Rapid detection and identification of Stachybotrys and Chaetomium species using tissue PCR analysis.

作者信息

Lewińska Anna M, Peuhkuri Ruut H, Rode Carsten, Andersen Birgitte, Hoof Jakob B

机构信息

Department of Biotechnology and Biomedicine, Technical University of Denmark, Kgs. Lyngby, Denmark.

Danish Building Research Institute, Aalborg University, Copenhagen, SV, Denmark.

出版信息

J Microbiol Methods. 2016 Nov;130:115-122. doi: 10.1016/j.mimet.2016.09.005. Epub 2016 Sep 9.

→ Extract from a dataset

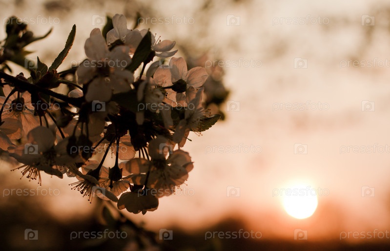 Цветущая ветка, весна, закат

DOI:10.1016/j.mimet.2016.09.005
PMID:27619348
Abstract

Indoor fungi are a worldwide problem causing negative health effects for infected building's occupants and even deterioration of building structures. Different fungal species affect buildings and their inhabitants differently. Therefore, rapid and accurate identification of fungi to the species level is essential for health risk assessment and building remediation. This study focuses on molecular identification of two common indoor fungal genera: Stachybotrys and Chaetomium. This study proposes two new DNA barcode candidates for Stachybotrys and Chaetomium: the gene encoding mitogen activated protein kinase (hogA) and the intergenic region between histone 3 and histone 4 (h3-h4) as well as it introduces a rapid - 3.5h - protocol for direct Stachybotrys and Chaetomium species identification, which bypasses culture cultivation, DNA extraction and DNA sequencing.

摘要

室内真菌是一个全球性问题,会对受感染建筑物的居住者造成负面健康影响,甚至导致建筑结构恶化。不同的真菌物种对建筑物及其居住者的影响各不相同。因此,快速准确地将真菌鉴定到物种水平对于健康风险评估和建筑修复至关重要。本研究聚焦于两种常见室内真菌属的分子鉴定:葡萄穗霉属和毛壳菌属。本研究提出了两种用于葡萄穗霉属和毛壳菌属的新DNA条形码候选序列:编码丝裂原活化蛋白激酶的基因(hogA)和组蛋白3与组蛋白4之间的基因间隔区(h3 - h4),并引入了一种快速(3.5小时)方案用于直接鉴定葡萄穗霉属和毛壳菌属物种,该方案绕过了培养、DNA提取和DNA测序步骤。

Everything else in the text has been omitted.